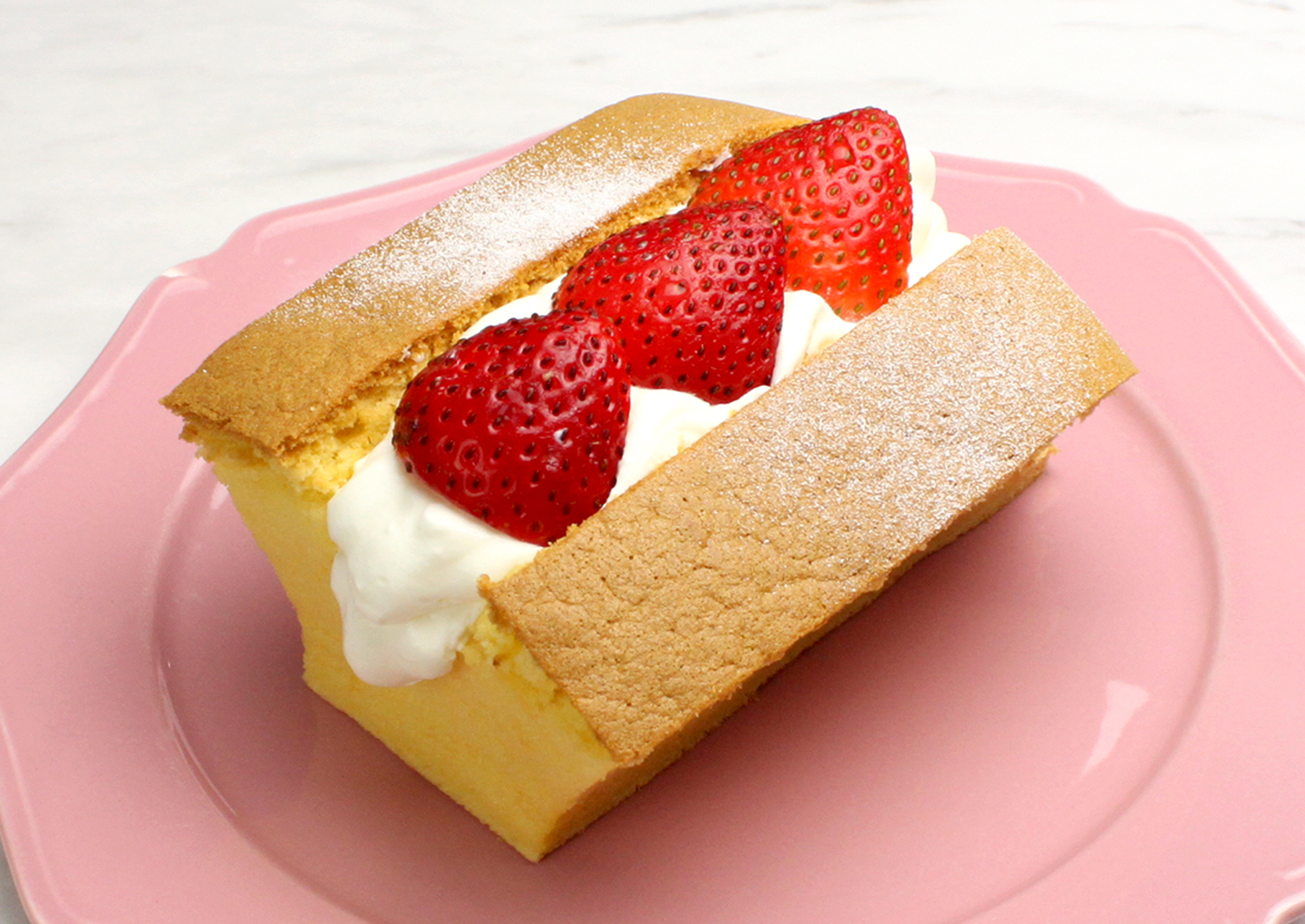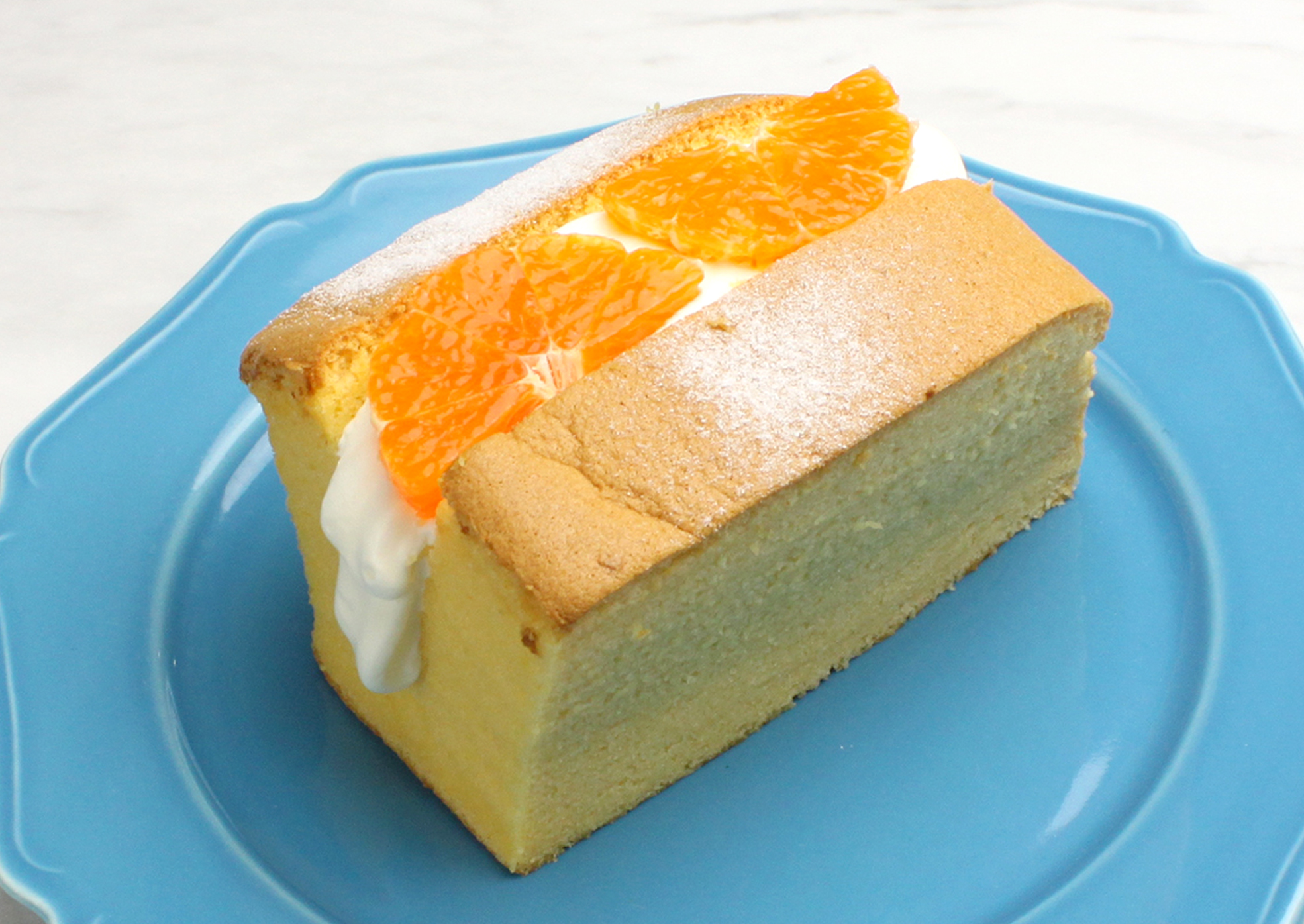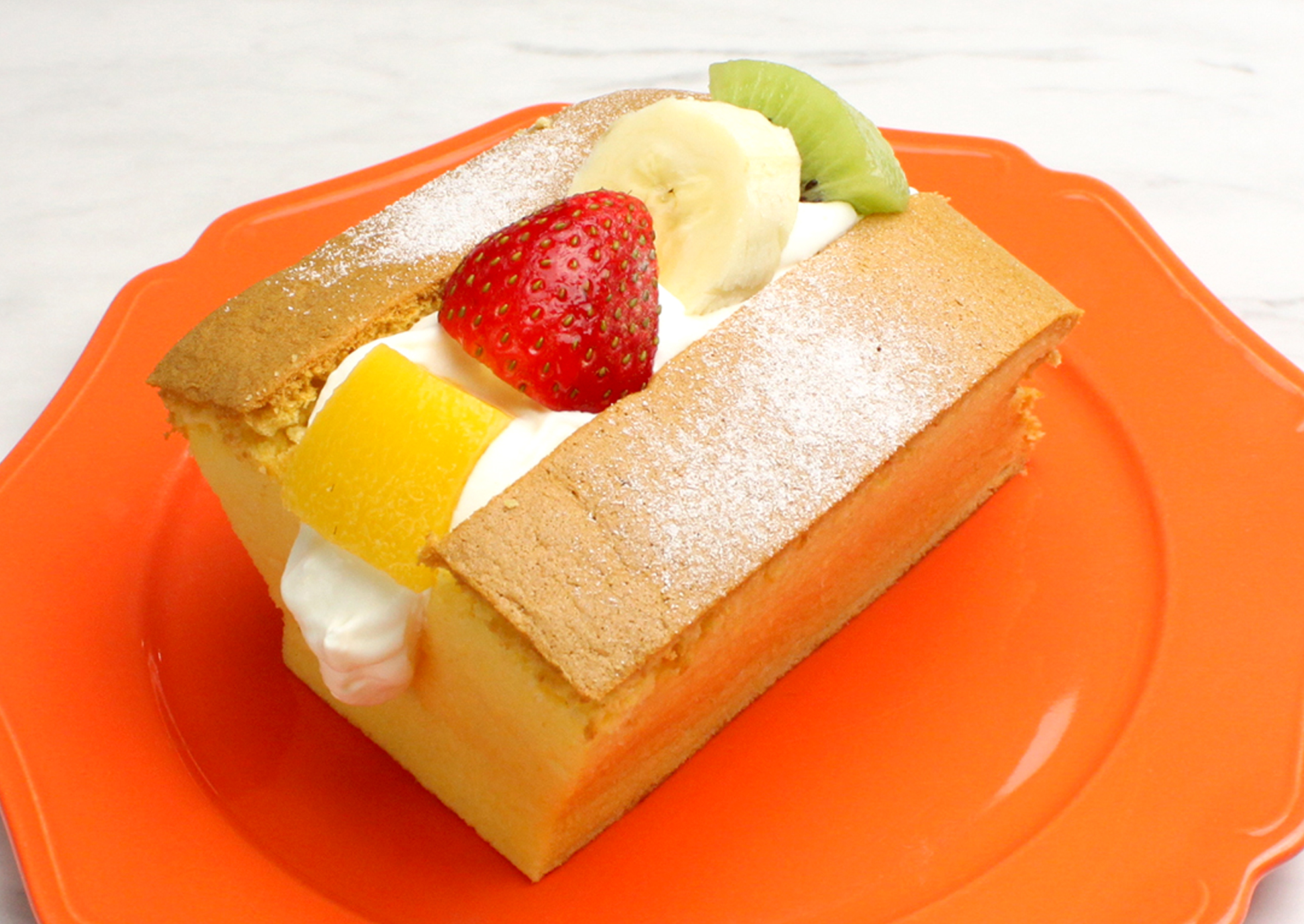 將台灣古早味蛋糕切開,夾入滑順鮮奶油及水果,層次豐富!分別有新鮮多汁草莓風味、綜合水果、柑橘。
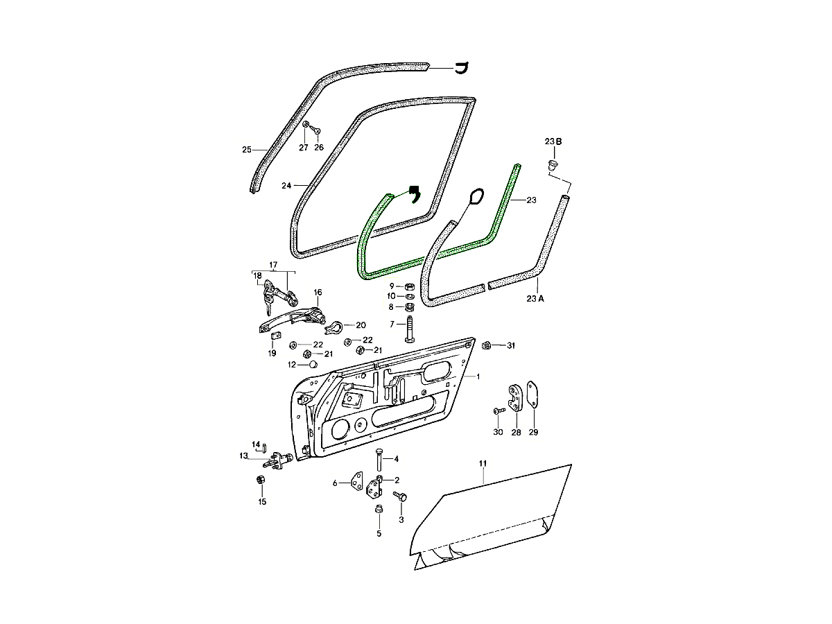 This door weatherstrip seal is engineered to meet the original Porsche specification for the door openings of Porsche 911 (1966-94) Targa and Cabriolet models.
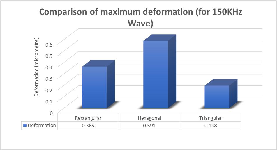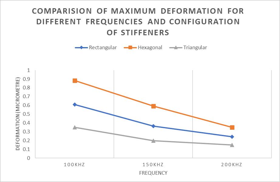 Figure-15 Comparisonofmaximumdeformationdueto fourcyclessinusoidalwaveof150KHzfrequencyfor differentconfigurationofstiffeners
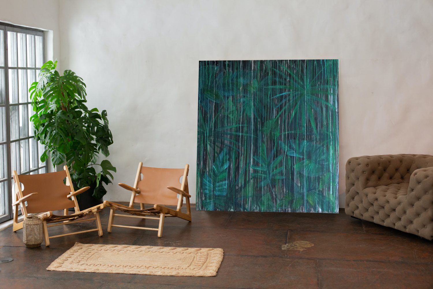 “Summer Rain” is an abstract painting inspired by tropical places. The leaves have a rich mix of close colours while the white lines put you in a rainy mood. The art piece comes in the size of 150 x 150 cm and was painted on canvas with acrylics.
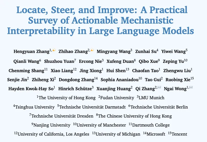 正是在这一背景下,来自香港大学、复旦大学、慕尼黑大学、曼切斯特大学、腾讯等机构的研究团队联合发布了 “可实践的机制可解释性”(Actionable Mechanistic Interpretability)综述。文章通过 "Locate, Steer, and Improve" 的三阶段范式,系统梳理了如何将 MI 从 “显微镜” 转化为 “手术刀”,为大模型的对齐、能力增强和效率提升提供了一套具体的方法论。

= = = = = = =

**BRIEF**: Take the lines from the one holding "canvas with acrylics." through the final line of the listing above and copy them exactly, both ends included, with no pictures.

**ANSWER TO THE EXERCISE**:
 “Summer Rain” is an abstract painting inspired by tropical places. The leaves have a rich mix of close colours while the white lines put you in a rainy mood. The art piece comes in the size of 150 x 150 cm and was painted on canvas with acrylics.
 正是在这一背景下,来自香港大学、复旦大学、慕尼黑大学、曼切斯特大学、腾讯等机构的研究团队联合发布了 “可实践的机制可解释性”(Actionable Mechanistic Interpretability)综述。文章通过 "Locate, Steer, and Improve" 的三阶段范式,系统梳理了如何将 MI 从 “显微镜” 转化为 “手术刀”,为大模型的对齐、能力增强和效率提升提供了一套具体的方法论。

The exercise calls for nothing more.